Garment’s life(cycle) is quite unpredictable but at the same time it’s something to take into account when developing a new design. As a maker I wish to establish a trialogue between me, the material and the wearer. I can’t assume that my creation will serve someone for 20 and more years. There are material and emotional aspects at play. I have made some experiments with making jewelry from old polyester briefs since I can’t wear them anymore. I’m not a jewelry designer but it would be nice to have a collaboration where we could create a circular approach to the lingerie design that is already implemented from the start. As a speculative design it means modeling a choice for the wearer and to stay open to possibilities and to a potential change in the future, even though it’s unpredictable.

“The material itself is full of suggestions for its use if we approach it unaggressively, receptively” Anny Albers.

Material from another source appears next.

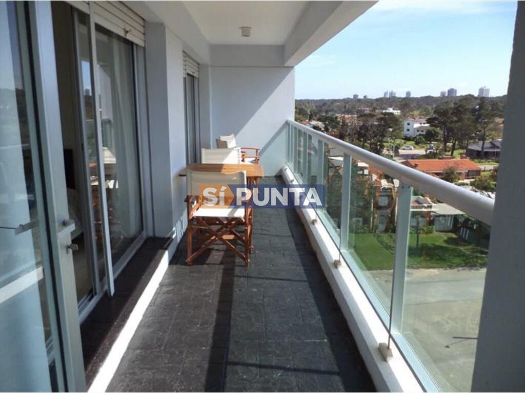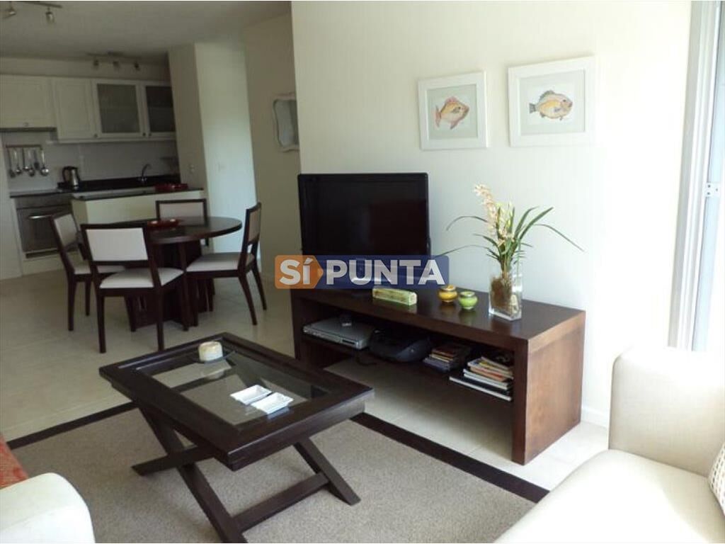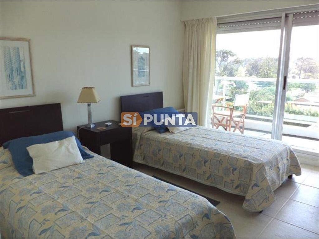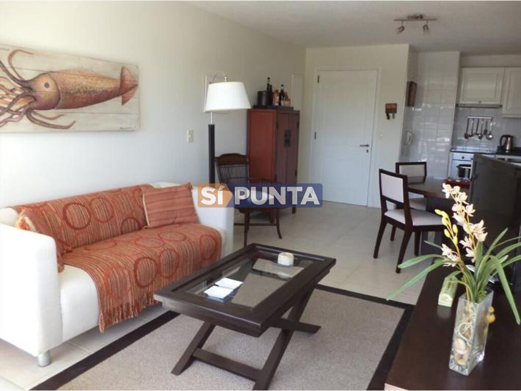 Precioso apartamento en edificio muy próximo al mar. Living - comedor con cocina integrada, terraza, 2 dormitorios (una suite), 2 baños. Servicio de playa y mucamas!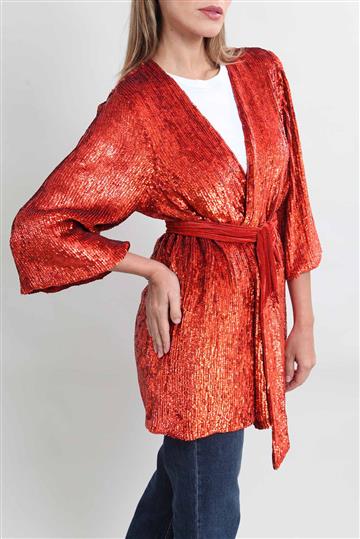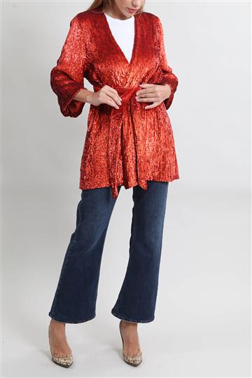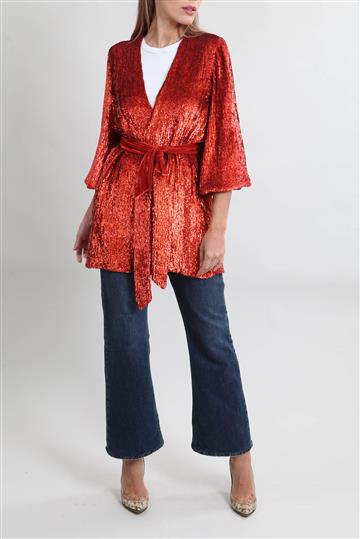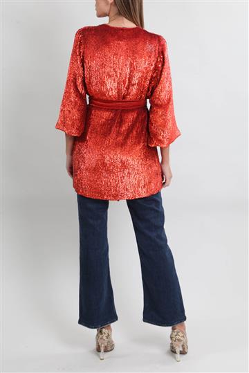 - Faixa central em veludo para amarração e melhor ajuste ao corpo

Another great approach to the restoration of  ‘the worn’ that I discovered while reading about conscious art/fashion projects in The Netherlands is the Golden Joynery project. It’s a practice inspired by the Japanese technique Kintsugi, where broken porcelain is visibly healed with gold. I decided to try to fix holes in my garments by darning, embroidering and stitching them with a golden thread, and I am hooked. I loved fixing lingerie this way. To expand my slow-sewing skillset I have joined the Common Threads community in Amsterdam with some amazing thread experts.